[Task goal] As you work through the listing below, copy each line exactly and drop the images.

[Provided data]
<<<<
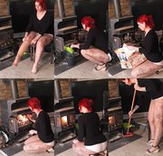Heute erfülle ich mal wider einen Userwunsch . Ich ziehe mir vor dem Ofen sitzend eine Nylonstrumpfhose an, offene Schuhe dazu und trage obenrum ein schwarzes Shirt. Ich knie mich vor den Ofen um ihn zu reinigen und von der alten Asche zu befreien dann nehme ich alte Zeitungen zerknülle sie und lege sie hinein dann ne große Menge Holz obendrauf . Ohne Anzünder nur mit der Hilfe des Papiers entzünde ich das Feuer mit einem Streichholz . Ich warte und kauer vor dem Ofen bis es brennt, Fege noch vorm Ofen und lasse es brennen.
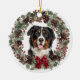 An der Vorderseite dieses Holiday-Ornament ist ein Bild eines Berner Hundes gerahmt durch einen hübschen Aquarellkiefer und einen Beerenkreat. Das Hundebild ist in der Mitte auf einem weißen Hintergrund. Ein glänzender roter Bogen verleiht dem Kranz ein bisschen Weihnachtsfunkel. Die Rückseite des Ornaments hat den gleichen Kranz mit Ihrem benutzerdefinierten Text in rot und dunkelgrün.
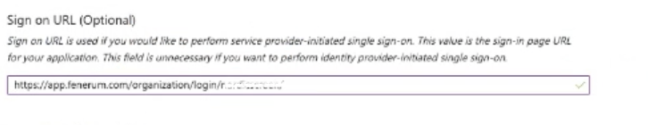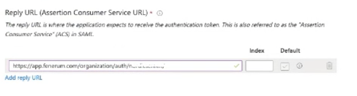 *Reply URL (Assertion Consumer Service URL): Go to https://app.fenerum.com/organization/settings/integrations/ and copy the link under "Individual login URL". In the link, you must replace /login/ with /auth/.
>>>>
[Solution to this exercise]
Heute erfülle ich mal wider einen Userwunsch . Ich ziehe mir vor dem Ofen sitzend eine Nylonstrumpfhose an, offene Schuhe dazu und trage obenrum ein schwarzes Shirt. Ich knie mich vor den Ofen um ihn zu reinigen und von der alten Asche zu befreien dann nehme ich alte Zeitungen zerknülle sie und lege sie hinein dann ne große Menge Holz obendrauf . Ohne Anzünder nur mit der Hilfe des Papiers entzünde ich das Feuer mit einem Streichholz . Ich warte und kauer vor dem Ofen bis es brennt, Fege noch vorm Ofen und lasse es brennen.
 An der Vorderseite dieses Holiday-Ornament ist ein Bild eines Berner Hundes gerahmt durch einen hübschen Aquarellkiefer und einen Beerenkreat. Das Hundebild ist in der Mitte auf einem weißen Hintergrund. Ein glänzender roter Bogen verleiht dem Kranz ein bisschen Weihnachtsfunkel. Die Rückseite des Ornaments hat den gleichen Kranz mit Ihrem benutzerdefinierten Text in rot und dunkelgrün.
 *Reply URL (Assertion Consumer Service URL): Go to https://app.fenerum.com/organization/settings/integrations/ and copy the link under "Individual login URL". In the link, you must replace /login/ with /auth/.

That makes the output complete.